## Work order
Write every entry out again with no changes, and leave the images behind.

## Collected data
☆ ☆ ☆ ☆ ☆
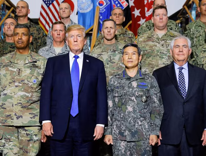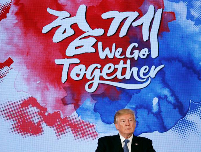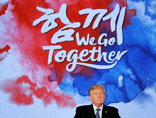 ANTD.VN - Tiếp tục chuyến công du châu Á, điểm dừng chân thứ 2 của Tổng thống Mỹ Donald Trump và phái đoàn là Hàn Quốc, một đồng minh thân cận. Đây là dịp quan trọng để Washington và Seoul thảo luận kỹ hơn về mối quan hệ chiến lược song phương, cũng như các phương án đối phó với mối đe dọa từ Triều Tiên.
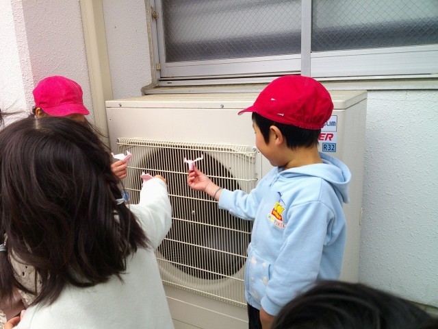 室外機の風を利用して飛ばそうとしている人たちもいて、寒い日でも風が吹くのを待っていた子どもたちでした。
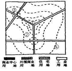 4、单选题  读某城市地租分布等值线示意图,回答题:
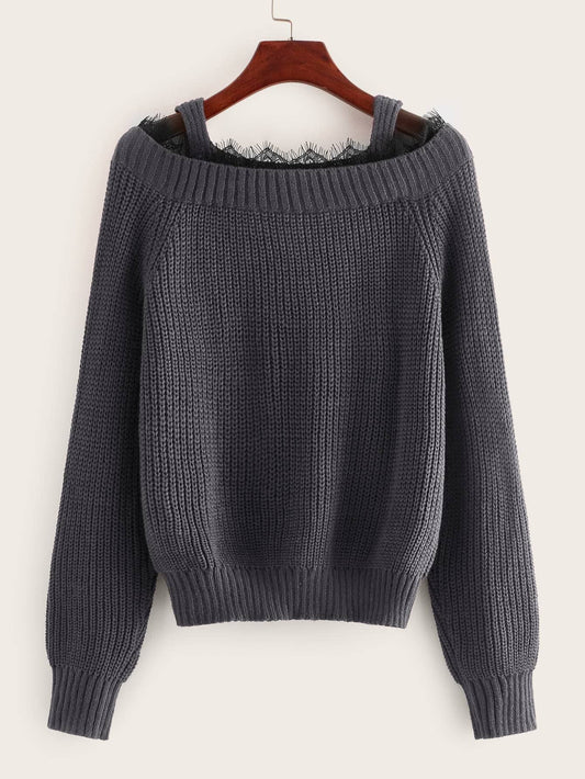 Cold Shoulder Contrast Lace Sweater
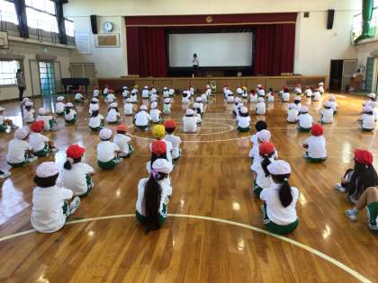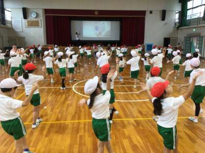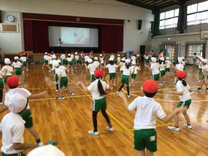 2年生の運動会のダンスの練習です。始めに練習のポイントを聞いてから、練習が始まりました。姿勢を正して先生の話を聞いている姿からも、頑張ろうという気持ちが伝わってきました。
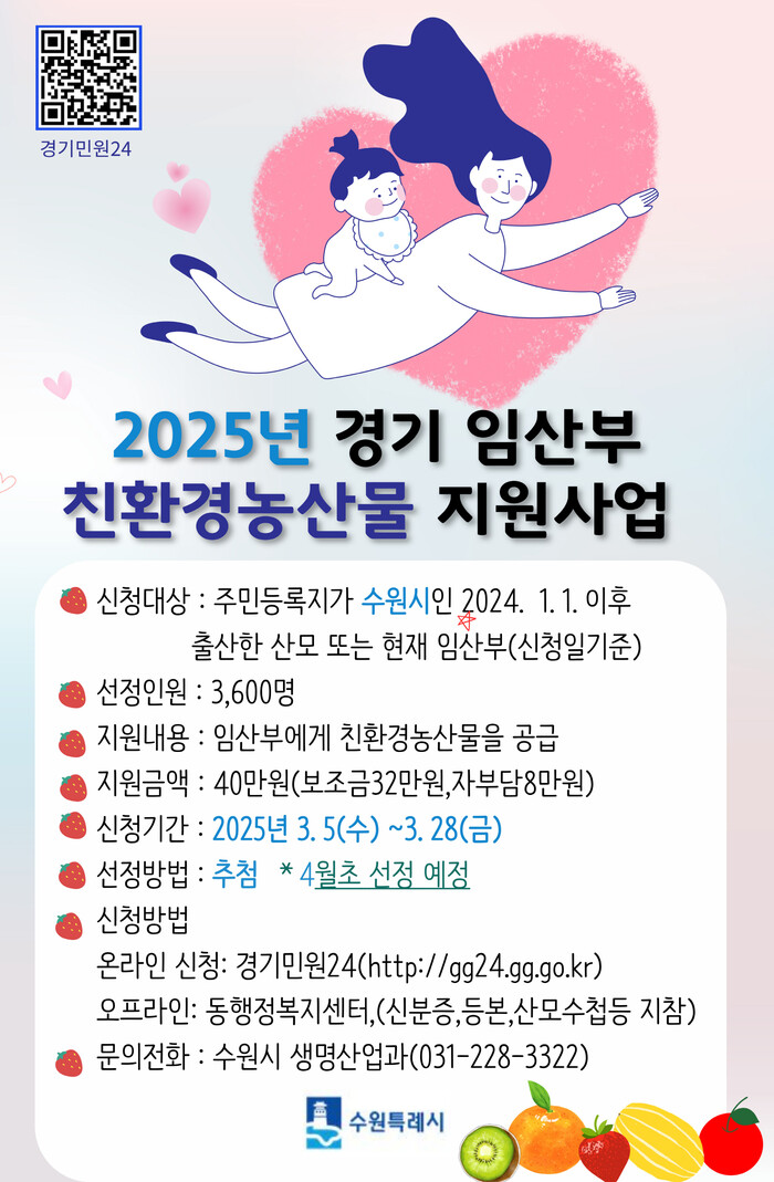 수원시(시장 이재준)가 임산부의 건강을 증진하고, 친환경농산물 소비를 촉진하기 위해 ‘2025년 경기임산부 친환경농산물 지원사업’을 추진한다. 임산부 3600명을 3월 28일까지 모집한다.
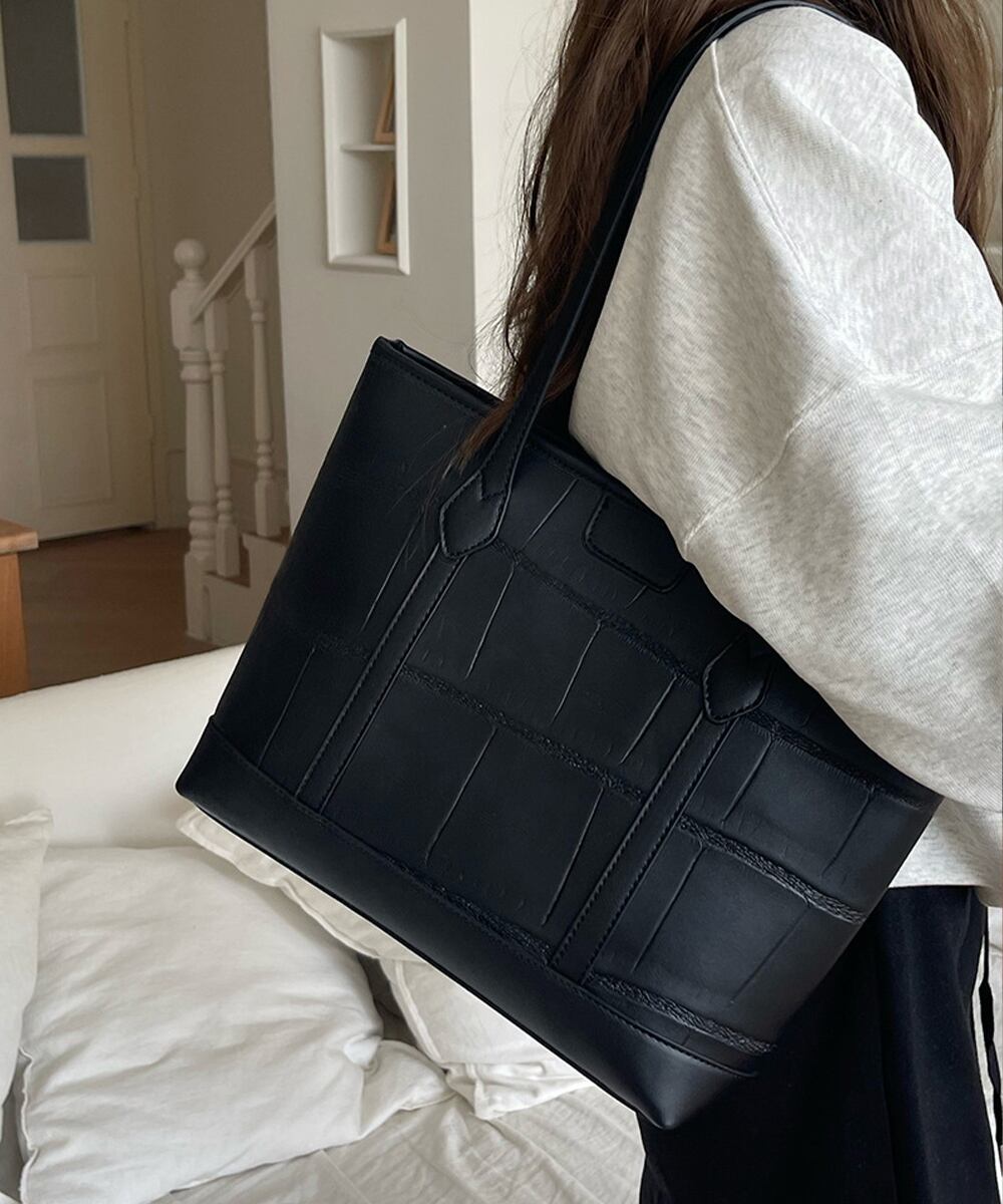 シンプル合皮カバン 肩掛けカバン高見え トート ファスナー
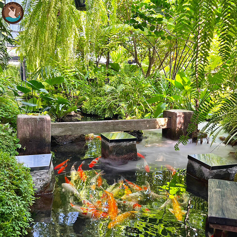 ร้านคาเฟ่คลองสามวา Untill Today Coffee คาเฟ่หทัยราษฎร์เปิดใหม่ บรรยากาศในสวนสีเขียวสุดร่มรื่น มีน้ำตกจำลอง ลำธารเล็กๆ และปลาคาร์ปแหวกว่าย เหมาะสำหรับคนที่อยากมาพักผ่อนหย่อนใจในวันหยุดมาก ที่นี่มีเมนูให้เลือกเยอะทั้งกาแฟ เครื่องดื่ม อาหาร ของหวาน และขนมไทย ตัวขนมไทยเสิร์ฟมาในถ้วยเล็กๆ เลือกได้เลยว่าอยากจะกินอะไร ไม่ว่าจะเป็นขนมชั้น บัวลอย หม้อแกง ขนมคนทีกาแฟ ที่นี่ยังมีบ่อสปาเท้า สามารถลงไปนั่งแช่เท้าให้น้องปลาสายน้ำผึ้งกับปลากาแดง สปาเท้าให้เราได้เลยค่ะ
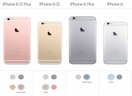 아이폰6S와 6S플러스는 전작 아이폰6 시리즈와 화면 크기는 물론 디자인이 같다. 다만 기존의 골드, 스페이스 그레이, 실버 외에 '로즈 골드' 색상이 추가됐다.
☆ ☆ ☆ ☆ ☆
## Solution below
 ANTD.VN - Tiếp tục chuyến công du châu Á, điểm dừng chân thứ 2 của Tổng thống Mỹ Donald Trump và phái đoàn là Hàn Quốc, một đồng minh thân cận. Đây là dịp quan trọng để Washington và Seoul thảo luận kỹ hơn về mối quan hệ chiến lược song phương, cũng như các phương án đối phó với mối đe dọa từ Triều Tiên.
 室外機の風を利用して飛ばそうとしている人たちもいて、寒い日でも風が吹くのを待っていた子どもたちでした。
 4、单选题  读某城市地租分布等值线示意图,回答题:
 Cold Shoulder Contrast Lace Sweater
 2年生の運動会のダンスの練習です。始めに練習のポイントを聞いてから、練習が始まりました。姿勢を正して先生の話を聞いている姿からも、頑張ろうという気持ちが伝わってきました。
 수원시(시장 이재준)가 임산부의 건강을 증진하고, 친환경농산물 소비를 촉진하기 위해 ‘2025년 경기임산부 친환경농산물 지원사업’을 추진한다. 임산부 3600명을 3월 28일까지 모집한다.
 シンプル合皮カバン 肩掛けカバン高見え トート ファスナー
 ร้านคาเฟ่คลองสามวา Untill Today Coffee คาเฟ่หทัยราษฎร์เปิดใหม่ บรรยากาศในสวนสีเขียวสุดร่มรื่น มีน้ำตกจำลอง ลำธารเล็กๆ และปลาคาร์ปแหวกว่าย เหมาะสำหรับคนที่อยากมาพักผ่อนหย่อนใจในวันหยุดมาก ที่นี่มีเมนูให้เลือกเยอะทั้งกาแฟ เครื่องดื่ม อาหาร ของหวาน และขนมไทย ตัวขนมไทยเสิร์ฟมาในถ้วยเล็กๆ เลือกได้เลยว่าอยากจะกินอะไร ไม่ว่าจะเป็นขนมชั้น บัวลอย หม้อแกง ขนมคนทีกาแฟ ที่นี่ยังมีบ่อสปาเท้า สามารถลงไปนั่งแช่เท้าให้น้องปลาสายน้ำผึ้งกับปลากาแดง สปาเท้าให้เราได้เลยค่ะ
 아이폰6S와 6S플러스는 전작 아이폰6 시리즈와 화면 크기는 물론 디자인이 같다. 다만 기존의 골드, 스페이스 그레이, 실버 외에 '로즈 골드' 색상이 추가됐다.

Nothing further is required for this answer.